#### [Directions for this task]
The entries are to be output word for word, with the pictures omitted.
━━━━━ Recorded data
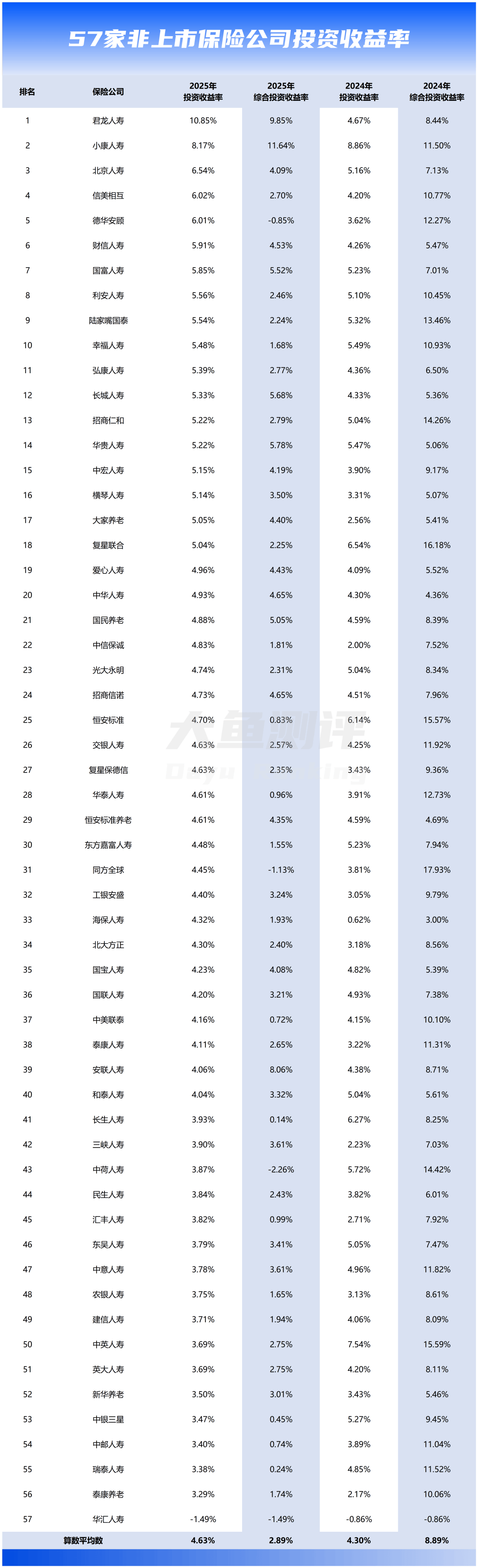 2025年非上市险企的平均投资收益率是4.63%,整体相比去年有所提升,但综合投资收益率恰恰相反,2025年非上市险企的平均综合投资收益率是2.89%,相比去年平均值(8.89%)出现大幅下滑。
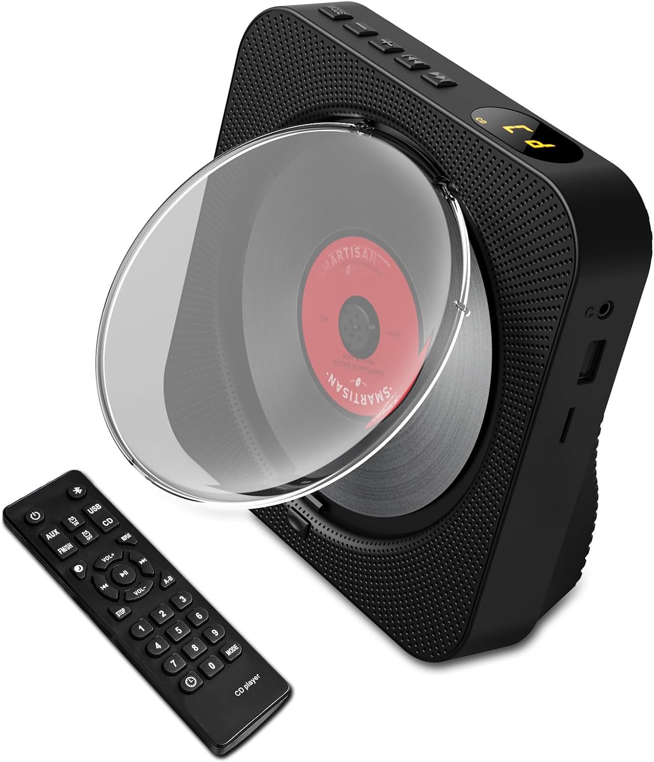Eacam Portable BT5. CD Player, HiFi Sound Speaker, CD Music Player with Remote Control, Dust Cover, FM, LED Screen, Support AUX/USB for Home
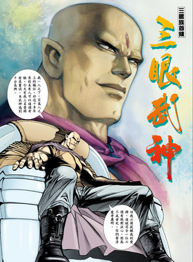 武男为救克豹、三眼等人折返回现场,用计与白愁周旋,以自己交出千军武神为条件要求白愁不要为难三眼族人,令三眼能够在千钧一发之际脱困并救下克豹等人。三眼称自己的手下已控制住白愁的妻子雪飞和她腹中还未出生的白不二,以此要挟白愁再和他决战,以17重天力量使出以绝世武学地狱战神为原型的绝招“三眼的战神”,成功对白愁造成威胁,迫使其打出当时最强的25重天力量,用白家风斩刀将三眼杀败。
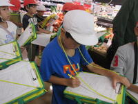 見学中の子どもたちは、見たこと、聞いたことをしっかりメモしていました。
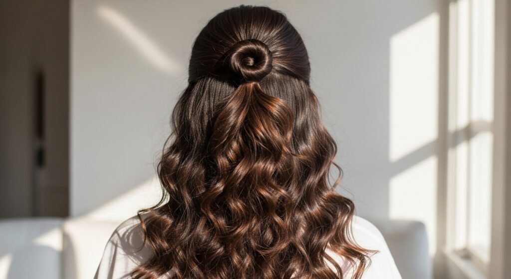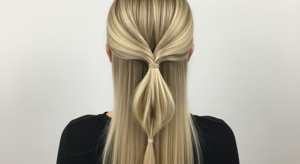 Take your half-up style to the next level. Gather the top section of your hair as if for a half-up ponytail, but instead of a standard tie, create a small pulled-through loop. This adds immediate height and volume at the crown while letting the rest of your hair flow freely. It’s a perfect way to add interest without committing to a full ponytail.
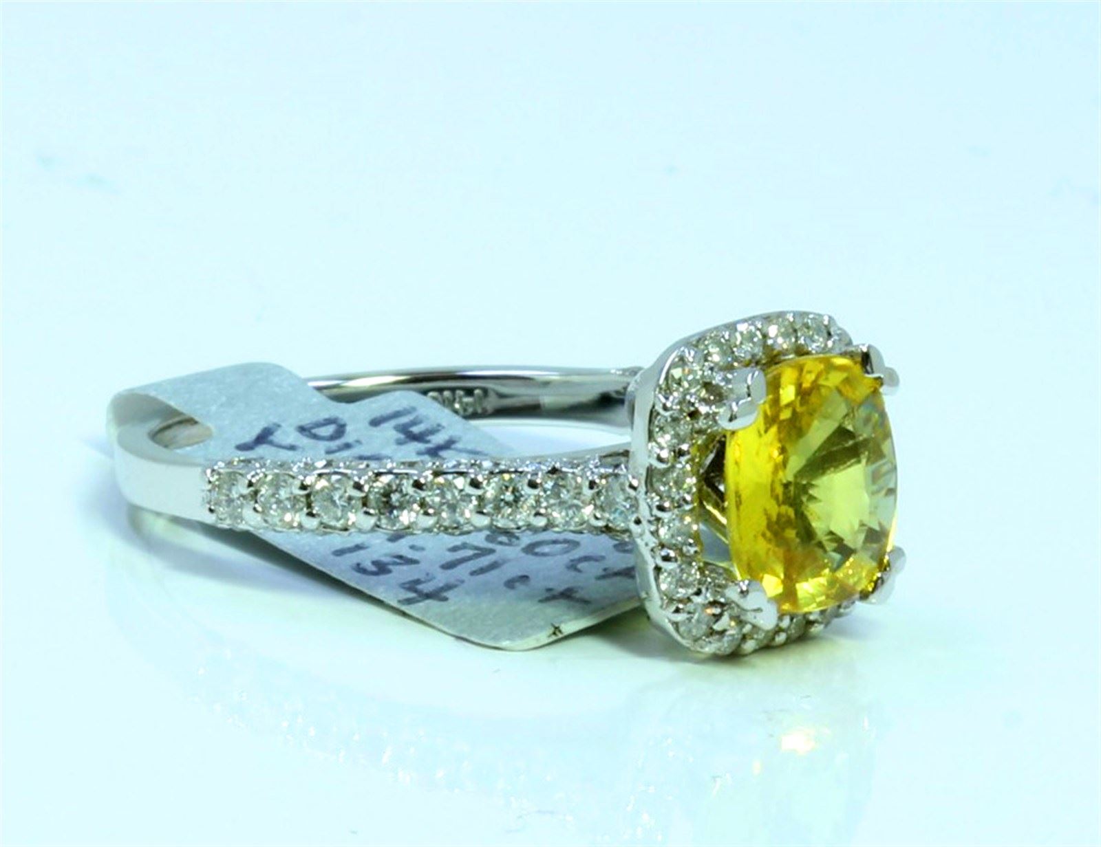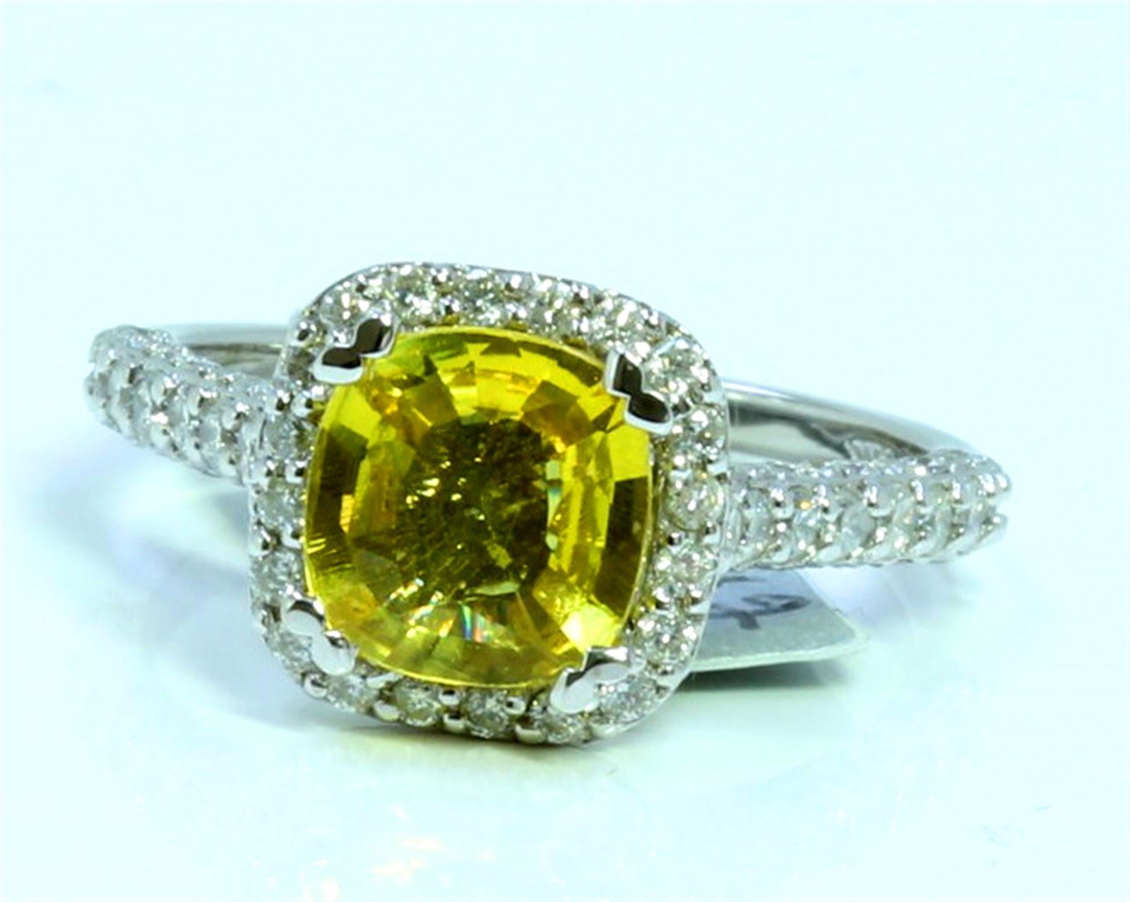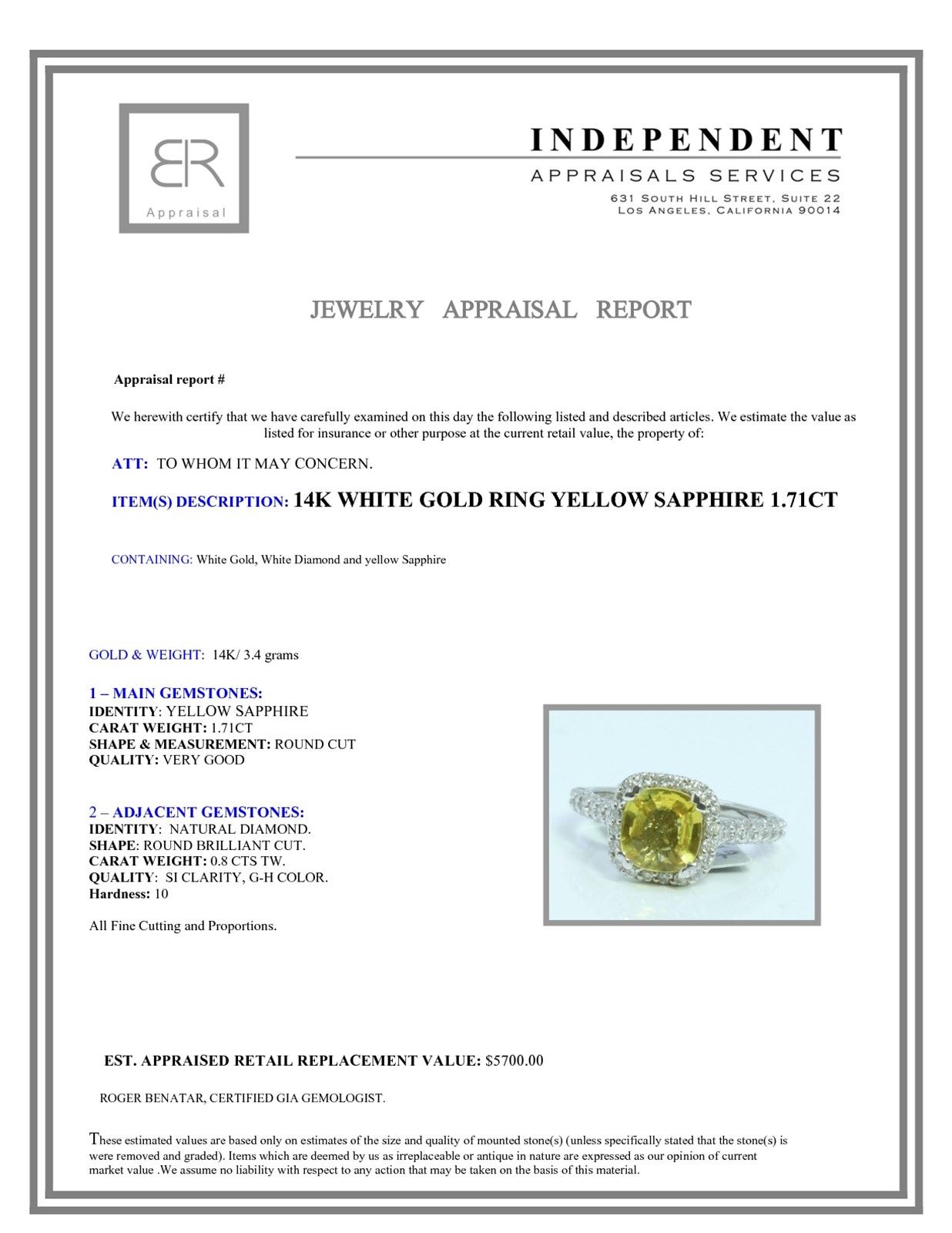 14K WHITE GOLD RING 3.4GRAM / YELLOW SAPPHIRE 1.71CT / WHITE DIAMOND 0.8CT
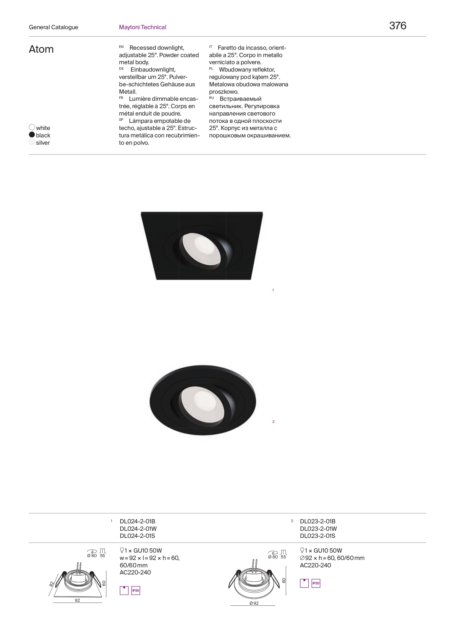 Ел. мощност 1 х 50 W Размери 9.2см x 9.2см x 6см Производител Maytoni, Германия
━━━━━━━━━━
#### [Your solution]
 2025年非上市险企的平均投资收益率是4.63%,整体相比去年有所提升,但综合投资收益率恰恰相反,2025年非上市险企的平均综合投资收益率是2.89%,相比去年平均值(8.89%)出现大幅下滑。
Eacam Portable BT5. CD Player, HiFi Sound Speaker, CD Music Player with Remote Control, Dust Cover, FM, LED Screen, Support AUX/USB for Home
 武男为救克豹、三眼等人折返回现场,用计与白愁周旋,以自己交出千军武神为条件要求白愁不要为难三眼族人,令三眼能够在千钧一发之际脱困并救下克豹等人。三眼称自己的手下已控制住白愁的妻子雪飞和她腹中还未出生的白不二,以此要挟白愁再和他决战,以17重天力量使出以绝世武学地狱战神为原型的绝招“三眼的战神”,成功对白愁造成威胁,迫使其打出当时最强的25重天力量,用白家风斩刀将三眼杀败。
 見学中の子どもたちは、見たこと、聞いたことをしっかりメモしていました。
 Take your half-up style to the next level. Gather the top section of your hair as if for a half-up ponytail, but instead of a standard tie, create a small pulled-through loop. This adds immediate height and volume at the crown while letting the rest of your hair flow freely. It’s a perfect way to add interest without committing to a full ponytail.
 14K WHITE GOLD RING 3.4GRAM / YELLOW SAPPHIRE 1.71CT / WHITE DIAMOND 0.8CT
 Ел. мощност 1 х 50 W Размери 9.2см x 9.2см x 6см Производител Maytoni, Германия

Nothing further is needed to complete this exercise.